A Nut for Every Bolt: Subunit-Selective Inhibitors of the Immunoproteasome and Their Therapeutic Potential

Abstract

At the heart of the ubiquitin-proteasome system, the 20S proteasome core particle (CP) breaks down the majority of intracellular proteins tagged for destruction. Thereby, the CP controls many cellular processes including cell cycle progression and cell signalling. Inhibitors of the CP can suppress these essential biological pathways, resulting in cytotoxicity, an effect that is beneficial for the treatment of certain blood cancer patients. During the last decade, several preclinical studies demonstrated that selective inhibition of the immunoproteasome (iCP), one of several CP variants in mammals, suppresses autoimmune diseases without inducing toxic side effects. These promising findings led to the identification of natural and synthetic iCP inhibitors with distinct chemical structures, varying potency and subunit selectivity. This review presents the most prominent iCP inhibitors with respect to possible scientific and medicinal applications, and discloses recent trends towards pan-immunoproteasome reactive inhibitors that cumulated in phase II clinical trials of the lead compound KZR-616 for chronic inflammations.

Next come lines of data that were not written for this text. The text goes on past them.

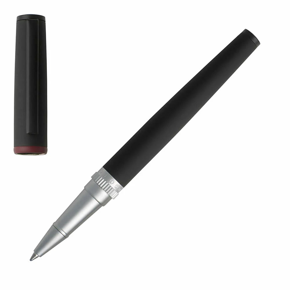 The Hugo Boss Gear Collection is presented in an aerodynamic shape projecting an active feel with its perfectly balanced frame. The Hugo Boss Gear Black Rollerball Pen is contrasted by a unique strip of red detailing on the tip, bringing a certain energy to the collection.
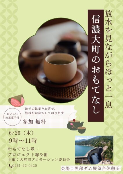 黒部ダム観光放水開始に合わせて、黒部ダムで地元のお母さん達(おもてなし隊「プロジェクト縁&創」)がおもてなしを行います。
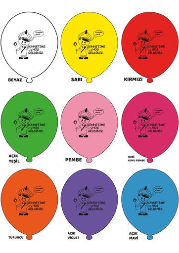 12" Sünnetime Hoşgeldiniz Baskılı Balon Karışık 1+1 - 100 Adet

Keywords: autoimmune diseases; drug development; immunoproteasome; inflammation; inhibition.

Figure 1

Schematic illustration of archaeal and eukaryotic 20S proteasomes. Simple archaeal 20S proteasome core particles are built of four homo-oligomeric α- and β-rings. Being identical and harboring a catalytic Thr1 residue, all β-subunits are proteolytically active. In contrast, eukaryotic CPs bear hetero-oligomeric α- and β-rings and only three of the seven distinct β-subunits per ring, namely β1, β2 and β5, feature an active site. Note that one β2- and one β5-subunit are hidden in the back of the particle.

Figure 2

Schematic illustration of the proteasomal substrate binding channel with non-primed (S) and primed (S’) specificity pockets interacting with the amino acid side chains (P-sites) of a peptide. The proteolytically active β-subunit features the active site Thr1 and all other catalytic residues, while the neighboring β-subunits contribute specificity pockets only to the substrate binding channel and do not necessarily feature their own active site.

Figure 3

Chemical structures of non-covalently and covalently acting iCP inhibitors. Compounds are grouped and colored according to their subunit selectivity and arranged according to their discussion in the text. The original compound numbering from patents or publications was taken over wherever possible (for references see Table 1). To avoid duplicates, compounds 1a and 1b were given a letter in addition. For inhibition values see Table 1. Due to space limitations, only selected compounds of each class are depicted.